▼
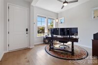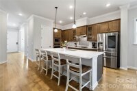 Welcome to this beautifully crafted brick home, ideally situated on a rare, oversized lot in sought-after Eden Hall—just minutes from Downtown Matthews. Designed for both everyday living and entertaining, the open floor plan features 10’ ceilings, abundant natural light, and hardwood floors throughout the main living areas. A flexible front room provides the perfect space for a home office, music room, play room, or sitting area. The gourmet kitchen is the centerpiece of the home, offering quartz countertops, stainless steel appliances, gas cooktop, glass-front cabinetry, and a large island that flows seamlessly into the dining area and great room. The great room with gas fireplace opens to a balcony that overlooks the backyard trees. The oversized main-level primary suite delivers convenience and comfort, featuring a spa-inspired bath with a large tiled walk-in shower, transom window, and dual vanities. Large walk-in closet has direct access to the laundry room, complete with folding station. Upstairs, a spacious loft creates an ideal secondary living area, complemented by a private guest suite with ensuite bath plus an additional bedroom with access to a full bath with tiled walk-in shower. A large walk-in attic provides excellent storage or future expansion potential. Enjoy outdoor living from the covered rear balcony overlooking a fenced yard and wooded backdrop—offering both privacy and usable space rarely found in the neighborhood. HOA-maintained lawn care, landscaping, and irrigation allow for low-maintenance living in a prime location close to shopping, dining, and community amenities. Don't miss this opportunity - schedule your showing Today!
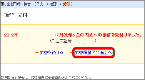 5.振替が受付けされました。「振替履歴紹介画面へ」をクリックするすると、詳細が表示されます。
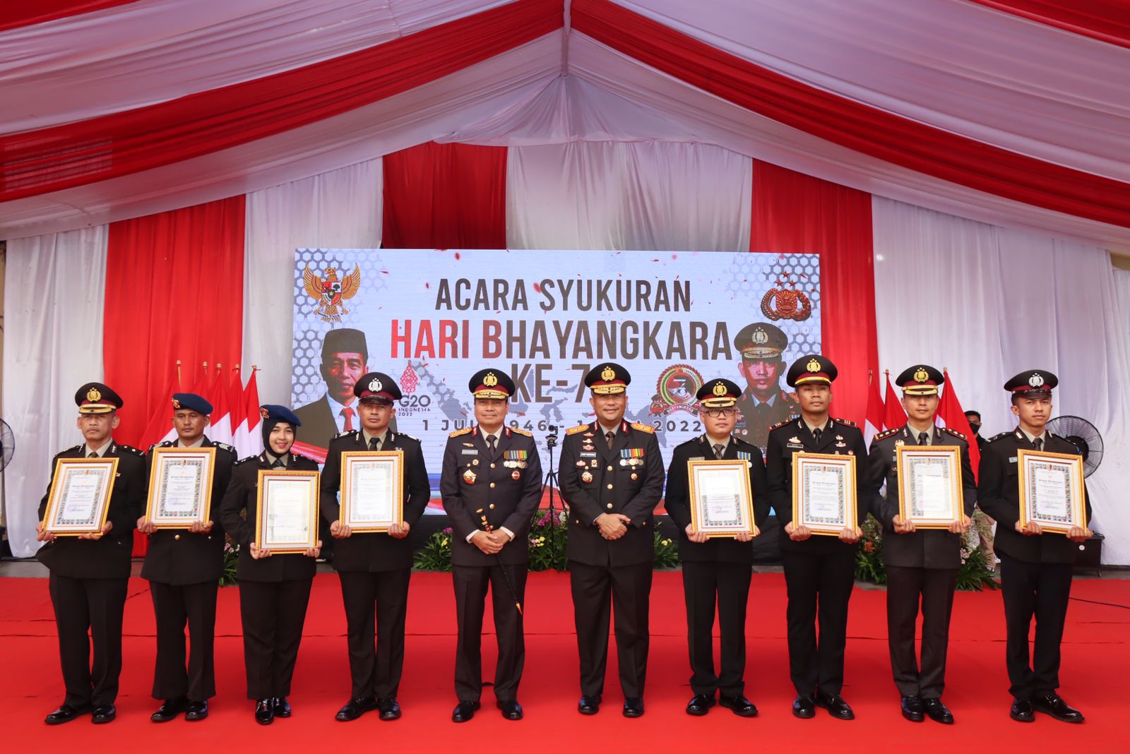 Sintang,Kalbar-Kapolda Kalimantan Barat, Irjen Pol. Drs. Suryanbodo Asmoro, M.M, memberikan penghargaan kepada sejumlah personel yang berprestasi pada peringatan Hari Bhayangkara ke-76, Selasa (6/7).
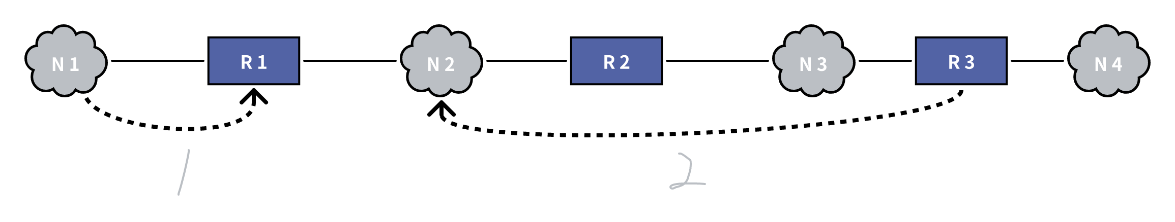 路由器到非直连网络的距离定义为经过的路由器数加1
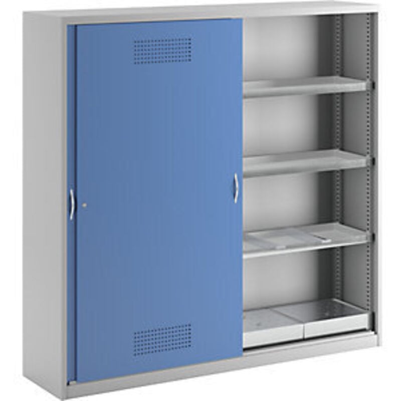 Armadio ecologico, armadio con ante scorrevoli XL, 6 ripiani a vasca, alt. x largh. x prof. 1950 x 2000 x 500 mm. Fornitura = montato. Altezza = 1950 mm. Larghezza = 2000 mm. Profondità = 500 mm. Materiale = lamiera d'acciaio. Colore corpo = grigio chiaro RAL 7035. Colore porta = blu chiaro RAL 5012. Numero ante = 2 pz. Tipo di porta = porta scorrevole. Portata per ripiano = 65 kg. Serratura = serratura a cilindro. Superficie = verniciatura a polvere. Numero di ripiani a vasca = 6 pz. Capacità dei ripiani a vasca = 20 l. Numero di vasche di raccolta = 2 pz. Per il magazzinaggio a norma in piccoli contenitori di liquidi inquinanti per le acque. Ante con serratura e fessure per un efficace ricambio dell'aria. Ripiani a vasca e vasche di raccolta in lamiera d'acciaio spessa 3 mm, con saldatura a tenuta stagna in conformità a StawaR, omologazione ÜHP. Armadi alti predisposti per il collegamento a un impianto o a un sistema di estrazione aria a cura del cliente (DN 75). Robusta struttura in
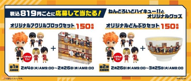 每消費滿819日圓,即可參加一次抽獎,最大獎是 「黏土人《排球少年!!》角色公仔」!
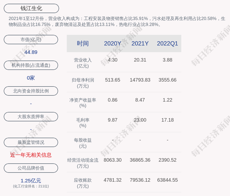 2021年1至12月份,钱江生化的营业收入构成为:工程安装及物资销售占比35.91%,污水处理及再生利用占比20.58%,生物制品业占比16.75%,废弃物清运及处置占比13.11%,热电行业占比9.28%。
▲
[YOUR INSTRUCTIONS] Word for word, please reproduce each entry above and leave out every picture.

[RESPONSE]
 Welcome to this beautifully crafted brick home, ideally situated on a rare, oversized lot in sought-after Eden Hall—just minutes from Downtown Matthews. Designed for both everyday living and entertaining, the open floor plan features 10’ ceilings, abundant natural light, and hardwood floors throughout the main living areas. A flexible front room provides the perfect space for a home office, music room, play room, or sitting area. The gourmet kitchen is the centerpiece of the home, offering quartz countertops, stainless steel appliances, gas cooktop, glass-front cabinetry, and a large island that flows seamlessly into the dining area and great room. The great room with gas fireplace opens to a balcony that overlooks the backyard trees. The oversized main-level primary suite delivers convenience and comfort, featuring a spa-inspired bath with a large tiled walk-in shower, transom window, and dual vanities. Large walk-in closet has direct access to the laundry room, complete with folding station. Upstairs, a spacious loft creates an ideal secondary living area, complemented by a private guest suite with ensuite bath plus an additional bedroom with access to a full bath with tiled walk-in shower. A large walk-in attic provides excellent storage or future expansion potential. Enjoy outdoor living from the covered rear balcony overlooking a fenced yard and wooded backdrop—offering both privacy and usable space rarely found in the neighborhood. HOA-maintained lawn care, landscaping, and irrigation allow for low-maintenance living in a prime location close to shopping, dining, and community amenities. Don't miss this opportunity - schedule your showing Today!
 5.振替が受付けされました。「振替履歴紹介画面へ」をクリックするすると、詳細が表示されます。
 Sintang,Kalbar-Kapolda Kalimantan Barat, Irjen Pol. Drs. Suryanbodo Asmoro, M.M, memberikan penghargaan kepada sejumlah personel yang berprestasi pada peringatan Hari Bhayangkara ke-76, Selasa (6/7).
 路由器到非直连网络的距离定义为经过的路由器数加1
 Armadio ecologico, armadio con ante scorrevoli XL, 6 ripiani a vasca, alt. x largh. x prof. 1950 x 2000 x 500 mm. Fornitura = montato. Altezza = 1950 mm. Larghezza = 2000 mm. Profondità = 500 mm. Materiale = lamiera d'acciaio. Colore corpo = grigio chiaro RAL 7035. Colore porta = blu chiaro RAL 5012. Numero ante = 2 pz. Tipo di porta = porta scorrevole. Portata per ripiano = 65 kg. Serratura = serratura a cilindro. Superficie = verniciatura a polvere. Numero di ripiani a vasca = 6 pz. Capacità dei ripiani a vasca = 20 l. Numero di vasche di raccolta = 2 pz. Per il magazzinaggio a norma in piccoli contenitori di liquidi inquinanti per le acque. Ante con serratura e fessure per un efficace ricambio dell'aria. Ripiani a vasca e vasche di raccolta in lamiera d'acciaio spessa 3 mm, con saldatura a tenuta stagna in conformità a StawaR, omologazione ÜHP. Armadi alti predisposti per il collegamento a un impianto o a un sistema di estrazione aria a cura del cliente (DN 75). Robusta struttura in
 每消費滿819日圓,即可參加一次抽獎,最大獎是 「黏土人《排球少年!!》角色公仔」!
 2021年1至12月份,钱江生化的营业收入构成为:工程安装及物资销售占比35.91%,污水处理及再生利用占比20.58%,生物制品业占比16.75%,废弃物清运及处置占比13.11%,热电行业占比9.28%。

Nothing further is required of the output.